→ About this exercise:
Skip all pictures; return exactly the lines from the one containing "やさしい印象の凹凸感が可愛い定番ブラウス。" through the end of the data.

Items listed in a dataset
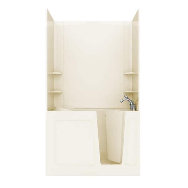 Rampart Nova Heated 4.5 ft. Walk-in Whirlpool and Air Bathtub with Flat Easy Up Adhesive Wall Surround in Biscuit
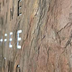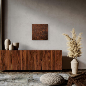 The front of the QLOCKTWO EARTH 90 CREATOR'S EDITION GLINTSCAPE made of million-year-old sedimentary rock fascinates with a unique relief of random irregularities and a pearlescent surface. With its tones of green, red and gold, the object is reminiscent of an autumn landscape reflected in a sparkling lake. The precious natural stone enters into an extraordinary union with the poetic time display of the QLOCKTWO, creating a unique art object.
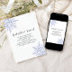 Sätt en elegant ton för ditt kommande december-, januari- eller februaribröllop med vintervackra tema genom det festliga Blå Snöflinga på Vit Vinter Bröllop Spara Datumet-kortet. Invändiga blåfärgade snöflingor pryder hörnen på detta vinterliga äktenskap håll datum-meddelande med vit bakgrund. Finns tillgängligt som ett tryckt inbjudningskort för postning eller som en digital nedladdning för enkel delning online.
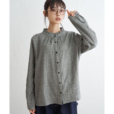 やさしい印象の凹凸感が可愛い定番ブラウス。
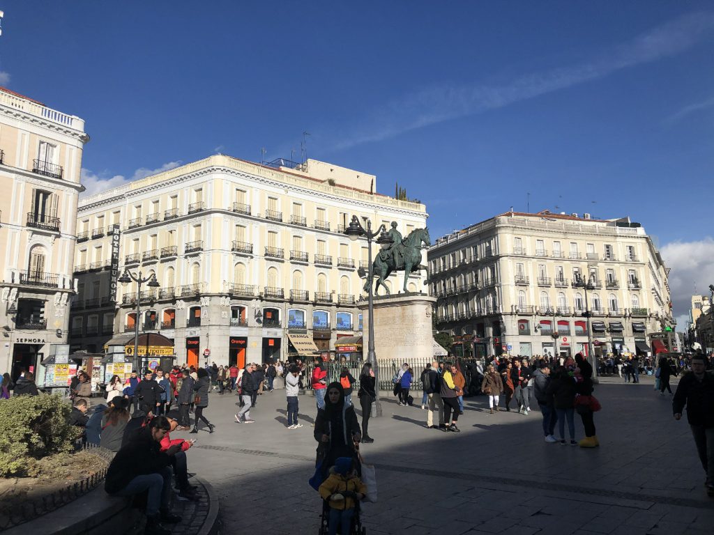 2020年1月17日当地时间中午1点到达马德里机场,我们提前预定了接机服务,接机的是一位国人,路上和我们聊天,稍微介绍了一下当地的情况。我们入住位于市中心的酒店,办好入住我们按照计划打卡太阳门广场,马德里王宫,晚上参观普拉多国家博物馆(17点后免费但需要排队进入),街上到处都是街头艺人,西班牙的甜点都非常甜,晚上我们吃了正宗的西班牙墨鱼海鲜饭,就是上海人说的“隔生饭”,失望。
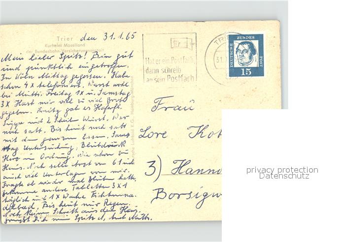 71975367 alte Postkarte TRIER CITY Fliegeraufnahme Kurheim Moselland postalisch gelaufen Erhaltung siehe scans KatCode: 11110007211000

→ Solution to the exercise:
 やさしい印象の凹凸感が可愛い定番ブラウス。
 2020年1月17日当地时间中午1点到达马德里机场,我们提前预定了接机服务,接机的是一位国人,路上和我们聊天,稍微介绍了一下当地的情况。我们入住位于市中心的酒店,办好入住我们按照计划打卡太阳门广场,马德里王宫,晚上参观普拉多国家博物馆(17点后免费但需要排队进入),街上到处都是街头艺人,西班牙的甜点都非常甜,晚上我们吃了正宗的西班牙墨鱼海鲜饭,就是上海人说的“隔生饭”,失望。
 71975367 alte Postkarte TRIER CITY Fliegeraufnahme Kurheim Moselland postalisch gelaufen Erhaltung siehe scans KatCode: 11110007211000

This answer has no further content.